[Records from a collection]
□ □ □ □ □ □ □

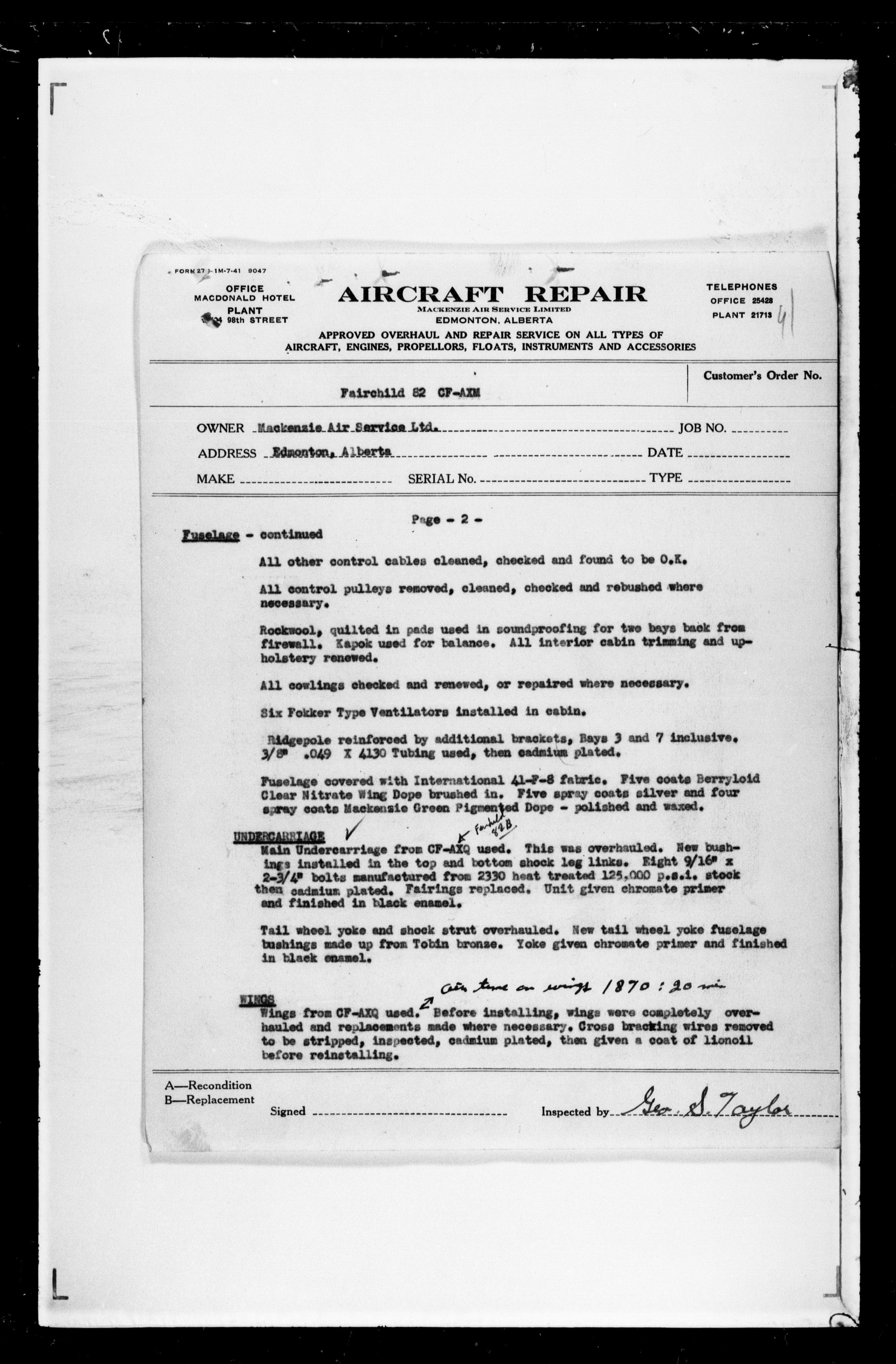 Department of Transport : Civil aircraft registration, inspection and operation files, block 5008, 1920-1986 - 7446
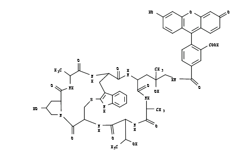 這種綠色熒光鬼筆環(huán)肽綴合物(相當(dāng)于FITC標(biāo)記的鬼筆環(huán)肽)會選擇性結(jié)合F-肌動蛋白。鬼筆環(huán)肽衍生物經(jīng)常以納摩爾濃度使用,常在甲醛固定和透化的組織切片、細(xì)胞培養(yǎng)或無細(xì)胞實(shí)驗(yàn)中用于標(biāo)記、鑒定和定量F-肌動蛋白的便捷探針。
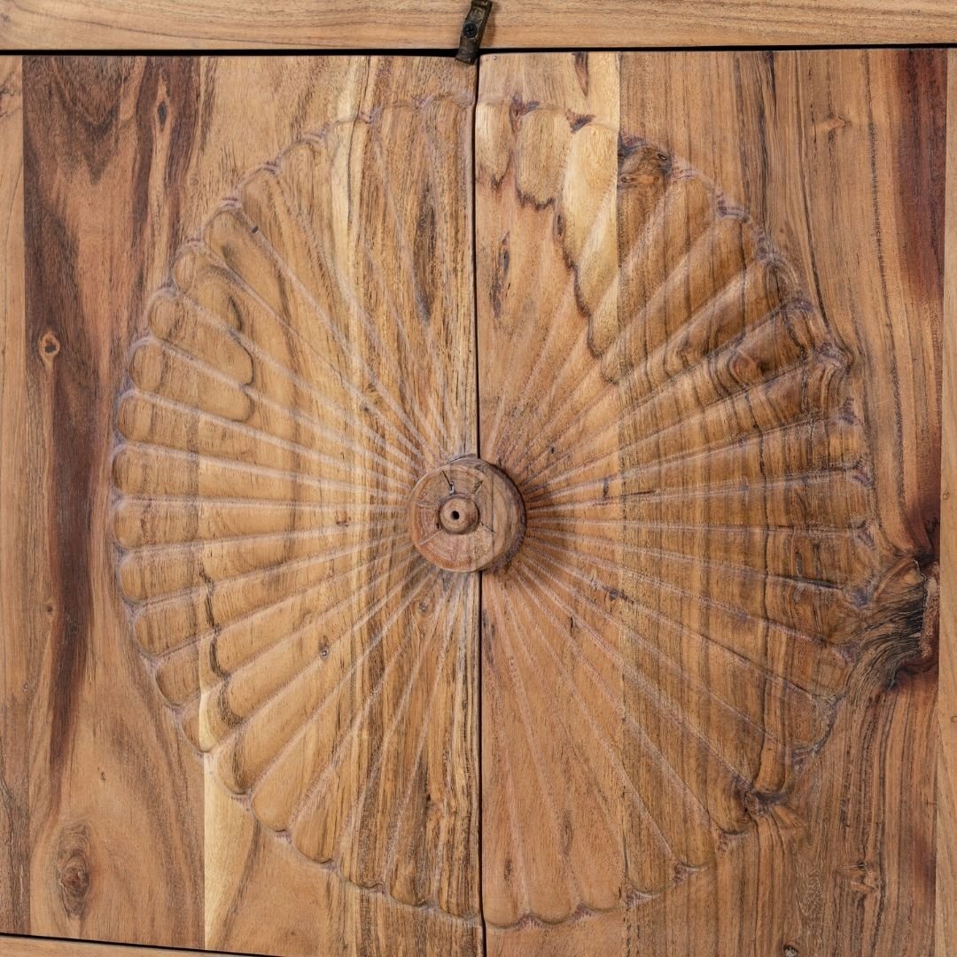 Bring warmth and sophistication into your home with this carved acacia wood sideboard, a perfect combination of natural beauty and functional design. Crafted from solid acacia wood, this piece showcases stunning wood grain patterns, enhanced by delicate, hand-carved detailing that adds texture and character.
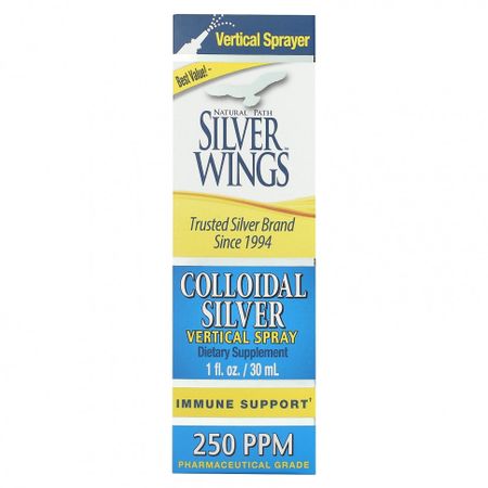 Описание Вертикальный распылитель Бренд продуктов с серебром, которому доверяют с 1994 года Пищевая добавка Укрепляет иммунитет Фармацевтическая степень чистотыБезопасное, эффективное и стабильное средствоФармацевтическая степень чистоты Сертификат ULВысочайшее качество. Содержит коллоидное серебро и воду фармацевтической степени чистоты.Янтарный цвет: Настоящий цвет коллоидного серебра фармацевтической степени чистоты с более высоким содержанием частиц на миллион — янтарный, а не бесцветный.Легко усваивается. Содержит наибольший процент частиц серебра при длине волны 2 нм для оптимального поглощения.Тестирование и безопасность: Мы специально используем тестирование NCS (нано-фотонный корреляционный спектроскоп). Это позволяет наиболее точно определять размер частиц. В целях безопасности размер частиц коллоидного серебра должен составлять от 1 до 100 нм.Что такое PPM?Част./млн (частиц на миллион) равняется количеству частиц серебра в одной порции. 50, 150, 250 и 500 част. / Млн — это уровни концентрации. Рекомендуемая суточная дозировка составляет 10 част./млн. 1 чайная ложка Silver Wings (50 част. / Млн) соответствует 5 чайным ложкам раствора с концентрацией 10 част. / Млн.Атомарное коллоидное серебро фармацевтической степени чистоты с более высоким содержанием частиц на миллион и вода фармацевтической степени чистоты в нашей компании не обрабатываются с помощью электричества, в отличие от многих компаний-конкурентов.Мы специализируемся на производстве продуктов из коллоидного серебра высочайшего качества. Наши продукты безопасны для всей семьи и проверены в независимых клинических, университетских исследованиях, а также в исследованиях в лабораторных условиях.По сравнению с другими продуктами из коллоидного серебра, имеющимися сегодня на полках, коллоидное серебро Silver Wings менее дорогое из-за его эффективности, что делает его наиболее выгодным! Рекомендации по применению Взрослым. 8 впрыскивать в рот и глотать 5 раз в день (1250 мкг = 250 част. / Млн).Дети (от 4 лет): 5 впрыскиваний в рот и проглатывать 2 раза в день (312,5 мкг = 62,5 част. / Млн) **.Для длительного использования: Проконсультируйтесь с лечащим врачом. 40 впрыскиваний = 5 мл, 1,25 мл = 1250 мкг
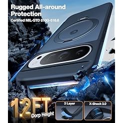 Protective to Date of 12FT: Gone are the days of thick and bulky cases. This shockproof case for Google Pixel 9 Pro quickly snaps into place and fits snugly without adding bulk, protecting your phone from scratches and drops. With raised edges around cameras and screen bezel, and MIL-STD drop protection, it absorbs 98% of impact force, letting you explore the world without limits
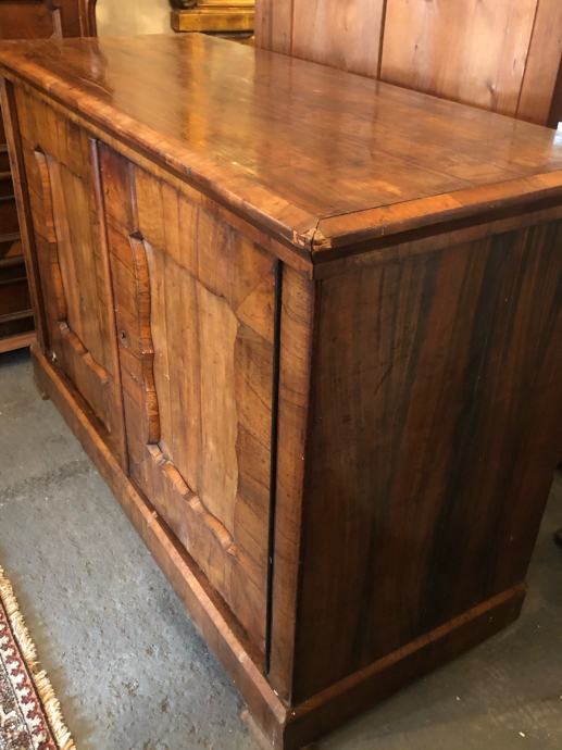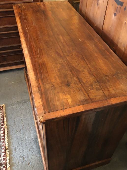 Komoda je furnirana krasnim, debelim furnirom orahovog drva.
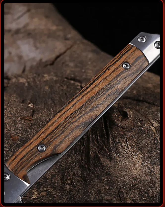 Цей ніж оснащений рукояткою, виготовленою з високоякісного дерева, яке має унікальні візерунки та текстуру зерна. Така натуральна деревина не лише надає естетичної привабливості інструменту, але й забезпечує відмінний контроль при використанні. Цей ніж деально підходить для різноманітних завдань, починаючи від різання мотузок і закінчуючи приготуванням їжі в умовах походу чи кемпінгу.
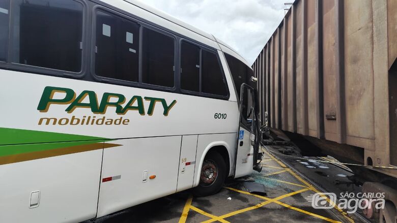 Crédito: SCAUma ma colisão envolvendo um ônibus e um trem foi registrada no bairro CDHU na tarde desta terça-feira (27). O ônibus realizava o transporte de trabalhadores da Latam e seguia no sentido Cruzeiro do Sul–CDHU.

□ □ □ □ □ □ □

- [Work item]: From the first line to the last, copy the records above exactly and drop any pictures.

- [Answer to the problem]:
 Department of Transport : Civil aircraft registration, inspection and operation files, block 5008, 1920-1986 - 7446
 這種綠色熒光鬼筆環(huán)肽綴合物(相當(dāng)于FITC標(biāo)記的鬼筆環(huán)肽)會選擇性結(jié)合F-肌動蛋白。鬼筆環(huán)肽衍生物經(jīng)常以納摩爾濃度使用,常在甲醛固定和透化的組織切片、細(xì)胞培養(yǎng)或無細(xì)胞實(shí)驗(yàn)中用于標(biāo)記、鑒定和定量F-肌動蛋白的便捷探針。
 Bring warmth and sophistication into your home with this carved acacia wood sideboard, a perfect combination of natural beauty and functional design. Crafted from solid acacia wood, this piece showcases stunning wood grain patterns, enhanced by delicate, hand-carved detailing that adds texture and character.
 Описание Вертикальный распылитель Бренд продуктов с серебром, которому доверяют с 1994 года Пищевая добавка Укрепляет иммунитет Фармацевтическая степень чистотыБезопасное, эффективное и стабильное средствоФармацевтическая степень чистоты Сертификат ULВысочайшее качество. Содержит коллоидное серебро и воду фармацевтической степени чистоты.Янтарный цвет: Настоящий цвет коллоидного серебра фармацевтической степени чистоты с более высоким содержанием частиц на миллион — янтарный, а не бесцветный.Легко усваивается. Содержит наибольший процент частиц серебра при длине волны 2 нм для оптимального поглощения.Тестирование и безопасность: Мы специально используем тестирование NCS (нано-фотонный корреляционный спектроскоп). Это позволяет наиболее точно определять размер частиц. В целях безопасности размер частиц коллоидного серебра должен составлять от 1 до 100 нм.Что такое PPM?Част./млн (частиц на миллион) равняется количеству частиц серебра в одной порции. 50, 150, 250 и 500 част. / Млн — это уровни концентрации. Рекомендуемая суточная дозировка составляет 10 част./млн. 1 чайная ложка Silver Wings (50 част. / Млн) соответствует 5 чайным ложкам раствора с концентрацией 10 част. / Млн.Атомарное коллоидное серебро фармацевтической степени чистоты с более высоким содержанием частиц на миллион и вода фармацевтической степени чистоты в нашей компании не обрабатываются с помощью электричества, в отличие от многих компаний-конкурентов.Мы специализируемся на производстве продуктов из коллоидного серебра высочайшего качества. Наши продукты безопасны для всей семьи и проверены в независимых клинических, университетских исследованиях, а также в исследованиях в лабораторных условиях.По сравнению с другими продуктами из коллоидного серебра, имеющимися сегодня на полках, коллоидное серебро Silver Wings менее дорогое из-за его эффективности, что делает его наиболее выгодным! Рекомендации по применению Взрослым. 8 впрыскивать в рот и глотать 5 раз в день (1250 мкг = 250 част. / Млн).Дети (от 4 лет): 5 впрыскиваний в рот и проглатывать 2 раза в день (312,5 мкг = 62,5 част. / Млн) **.Для длительного использования: Проконсультируйтесь с лечащим врачом. 40 впрыскиваний = 5 мл, 1,25 мл = 1250 мкг
 Protective to Date of 12FT: Gone are the days of thick and bulky cases. This shockproof case for Google Pixel 9 Pro quickly snaps into place and fits snugly without adding bulk, protecting your phone from scratches and drops. With raised edges around cameras and screen bezel, and MIL-STD drop protection, it absorbs 98% of impact force, letting you explore the world without limits
 Komoda je furnirana krasnim, debelim furnirom orahovog drva.
 Цей ніж оснащений рукояткою, виготовленою з високоякісного дерева, яке має унікальні візерунки та текстуру зерна. Така натуральна деревина не лише надає естетичної привабливості інструменту, але й забезпечує відмінний контроль при використанні. Цей ніж деально підходить для різноманітних завдань, починаючи від різання мотузок і закінчуючи приготуванням їжі в умовах походу чи кемпінгу.
 Crédito: SCAUma ma colisão envolvendo um ônibus e um trem foi registrada no bairro CDHU na tarde desta terça-feira (27). O ônibus realizava o transporte de trabalhadores da Latam e seguia no sentido Cruzeiro do Sul–CDHU.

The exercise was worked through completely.